Tue May 05 21:50:10 GMT 2015



Special Issue of Social Media and Society


Making Digital Cultures of Gender and Sexuality with Social Media


Jean Burgess, Elija Cassidy, Stefanie Duguay, and Ben Light

Digital Media Research Centre - Queensland University of Technology


Sociocultural Internet research has, for most of its history, engaged
with questions of gender and sexuality. Early work exploring  the
emancipatory potential of the Internet, for example, pointed
optimistically towards the possibilities for gender fluidity, but more
critically towards the problems of gender tourism and the reinforcement
of biologically deterministic conceptions of gender roles. Either way,
digital cultures are sites of gender construction. Similarly,
sexualities have been digitally mediated and re-mediated as people with
diverse sexual identities have found support via networked media,
experienced the entanglement  of physical and digitally mediated
embodiments of sexuality, and digital media have been  used for both
challenging and preserving heteronormativity.

This special issue aims to bring together new research and scholarship
on onn how digital cultures of gender and sexuality are made, focusing
on social media as a particular sociotechnical and cultural site of
these processes. Everyday social media activities are comprised not just
of exchanges between users but also involve the influence of platform
owners, designers, and other stakeholders, such as marketers and data
miners. For example, although Facebook’s decision to allow users to
display a custom gender identity (outside the male/female binary)
appears to be empowering to users, even this additional element of
self-presentation is influenced by programmed specifications, datafiable
for profit, and dependent on Facebook’s corporate policy-makers.

The importance of considering digital cultures of gender and sexuality
further, and a key reason for this issue, is due to a number of
developments. First, more people than ever are participating with
digital cultures due to social media. However, the nature of this
participation is complicated, mutable and in no way uniform.
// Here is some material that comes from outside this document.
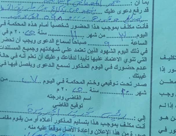 فأنت مكلف بموجب هذا الحضور شخصياً أمام هذه المحكمه في اليوم ٣/١١/2025 م الساعه ٩صباحا لسماع الدعوى ويجب أن تحضر…
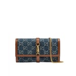 Crafted from eco-washed GG jacquard denim with brown leather trim, this Jackie 1961 chain wallet features gold-toned hardware and the iconic piston closure. Designed with a removable chain strap, it transitions easily from wallet to mini bag. Sustainably made with eco-conscious materials.

Second, the
sophistication of the devices, infrastructures, functions and interfaces
presented by social media to users is, without welcoming in
technological determinism, arguably becoming greater.  Moreover, this
sophistication is at the same time both visible and invisible depending
upon a range of considerations – such as levels of digital literacy,
commercial interests, algorithmic programming, politics and power.

This special issue seeks to further interrogate questions of the
contemporary making of digital cultures of gender and sexuality with
social media.  Whilst difference-based approaches to understanding the
gendered make up of social media users and audiences have been
addressed, this issue focuses upon the ways in which gender and
sexuality are constructed and circulated with and by this media.
Possible topics might include:

  *

    Identity

  *

    Harassment, discrimination, and cyberbullying

  *

    Activism, resistance, and reappropriation

  *

    Cultures and communities

  *

    Commodification and political economies

  *

    Inscription and regulation of gender and sexuality by software

  *

    Circulation of gender and sexuality based controversies

  *

    Pornography

  *

    Digitally mediated dating and personal relationships

  *

    Sexual health and wellbeing

  *

    Intersections of gender and sexuality with age, ethnicity,
    (dis)ability, etc.

Abstracts of 250 words should be submitted to Ben Light
((ben.light /at/ qut.edu.au) <mailto:(ben.light /at/ qut.edu.au)>) by 1 June  2015.
Where appropriate, please nominate an author for correspondence. On the
basis of these short abstracts, invitations to submit full papers (of no
more than 8000 words) will then be sent out by 14 June 2015. Full papers
will be due by 31 August 2015, and will undergo the usual Social Media
and Society review procedure. Please note that an invitation to submit a
full paper for review does not guarantee paper acceptance.